Twenty-five years ago, when the United States was realizing that World War II had marked not the end, but only the beginning, of its leadership responsibilities in the world, a reorganization of the executive machinery in the defense area was undertaken. That reform, which created the Department of Defense, marks the only major streamlining of the Cabinet and the only departmental consolidation in our history. The new structure thus established has served America and the free world well in the challenging period since.

Now the time has come to take a similar bold and visionary step on the domestic side of national affairs. The 1960s, troubled, eventful, and full of progress as they were, were only the prelude to a period of still faster change in American life. The peace which we find increasing reason to hope will prevail during the coming generation is already permitting us to turn somewhat from the formerly absorbing necessity to "provide for the common defence," the necessity which motivated the last major executive branch reorganization.

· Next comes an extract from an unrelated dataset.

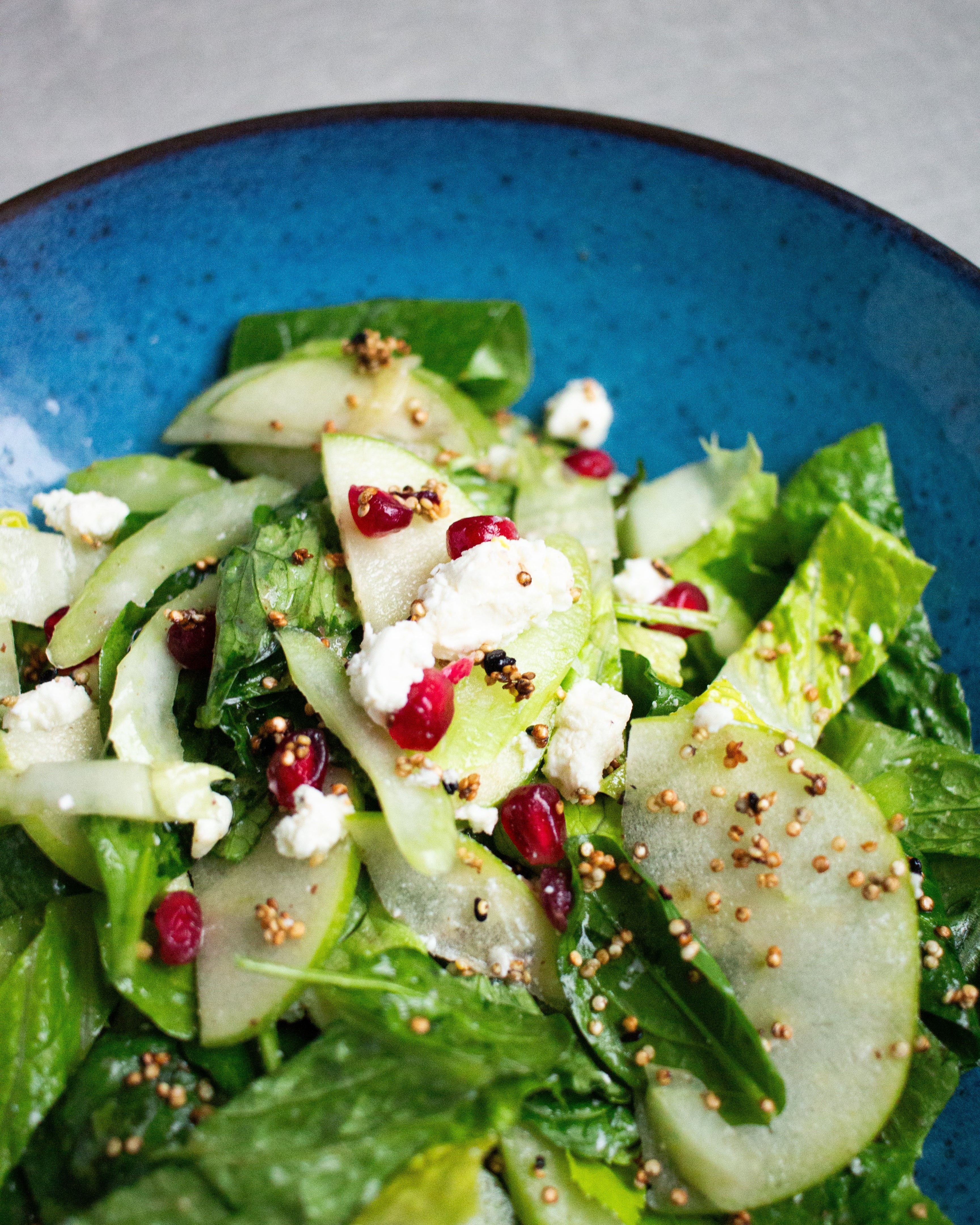 Kirkkaassa Waldorfinsalaatissamme on romaine- ja lehtisalaatteja, omenaa, varsiselleriä, granaattiomenan siemeniä, pekaanipähkinöitä, punasipulia, yrttejä, pehmeää vuohenjuustoa sekä quinoa-unikonsiemencrumblea.

Other great purposes now move to the foreground: "to form a more perfect Union, establish Justice, insure domestic Tranquility,...promote the general Welfare, and secure the Blessings of Liberty to ourselves and our Posterity." To serve these purposes, let us act decisively once again, and forge new institutions to serve a new America.

RICHARD NIXON

The White House,

March 29, 1972.

Note: The President's message, together with additional information on executive reorganization, is printed in "Papers Relating to the President's Departmental Reorganization Program: A Reference Compilation; Revised February 1972" (Government Printing office, 311 pp.).

On March 29, 1972, the White House released a fact sheet and the transcript of a news briefing on the message. Participants in the news briefing were George P. Shultz, Director, and Frank C. Carlucci, Associate Director, office of Management and Budget.